──────── TASK MATERIAL ────────

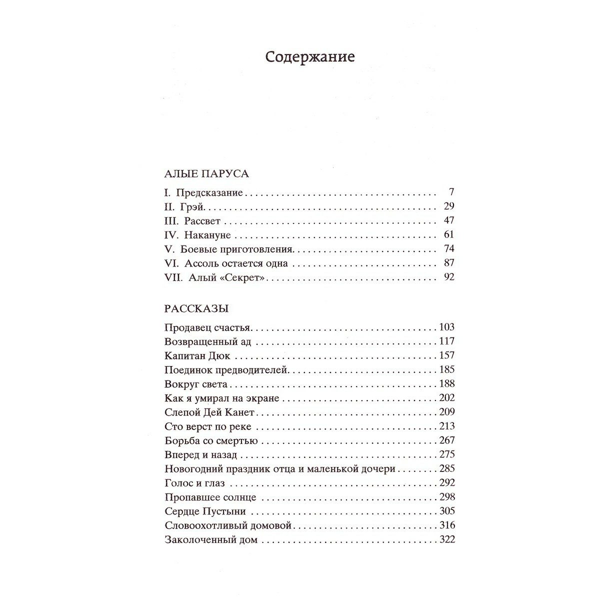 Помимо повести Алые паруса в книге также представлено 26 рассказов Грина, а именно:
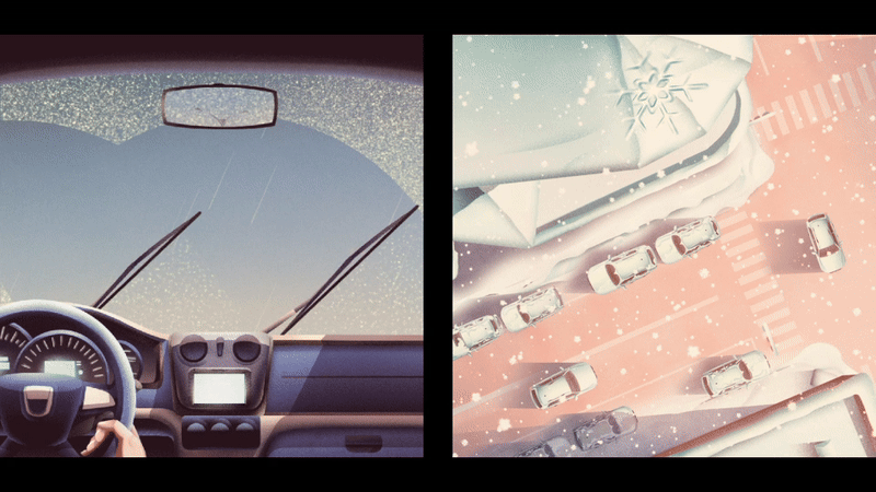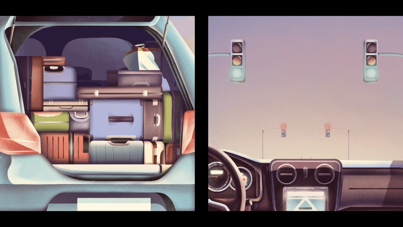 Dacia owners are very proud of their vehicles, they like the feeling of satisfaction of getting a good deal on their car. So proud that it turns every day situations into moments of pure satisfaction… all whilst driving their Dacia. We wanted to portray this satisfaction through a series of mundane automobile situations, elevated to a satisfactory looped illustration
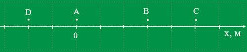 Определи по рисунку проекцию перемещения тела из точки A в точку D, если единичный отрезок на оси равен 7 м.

────────
──────── TASK MATERIAL ────────

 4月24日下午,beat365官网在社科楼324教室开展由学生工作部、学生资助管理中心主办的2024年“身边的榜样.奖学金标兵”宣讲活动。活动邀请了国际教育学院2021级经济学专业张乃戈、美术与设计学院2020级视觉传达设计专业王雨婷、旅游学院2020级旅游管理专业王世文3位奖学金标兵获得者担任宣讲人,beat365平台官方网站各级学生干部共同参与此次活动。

────────
──────── TASK MATERIAL ────────

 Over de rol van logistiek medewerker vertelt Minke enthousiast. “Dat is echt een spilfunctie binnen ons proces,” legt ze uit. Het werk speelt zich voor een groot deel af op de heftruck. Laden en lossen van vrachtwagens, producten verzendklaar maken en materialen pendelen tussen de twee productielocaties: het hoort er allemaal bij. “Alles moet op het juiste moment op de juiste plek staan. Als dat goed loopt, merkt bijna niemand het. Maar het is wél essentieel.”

────────

• [WORK TO BE COMPLETED]:
Set the pictures aside and retype exactly the lines above from the line with "Помимо повести Алые" to the line with "Определи по рисунку", both included, adding no others.

• [ANSWER SECTION]:
 Помимо повести Алые паруса в книге также представлено 26 рассказов Грина, а именно:
 Dacia owners are very proud of their vehicles, they like the feeling of satisfaction of getting a good deal on their car. So proud that it turns every day situations into moments of pure satisfaction… all whilst driving their Dacia. We wanted to portray this satisfaction through a series of mundane automobile situations, elevated to a satisfactory looped illustration
 Определи по рисунку проекцию перемещения тела из точки A в точку D, если единичный отрезок на оси равен 7 м.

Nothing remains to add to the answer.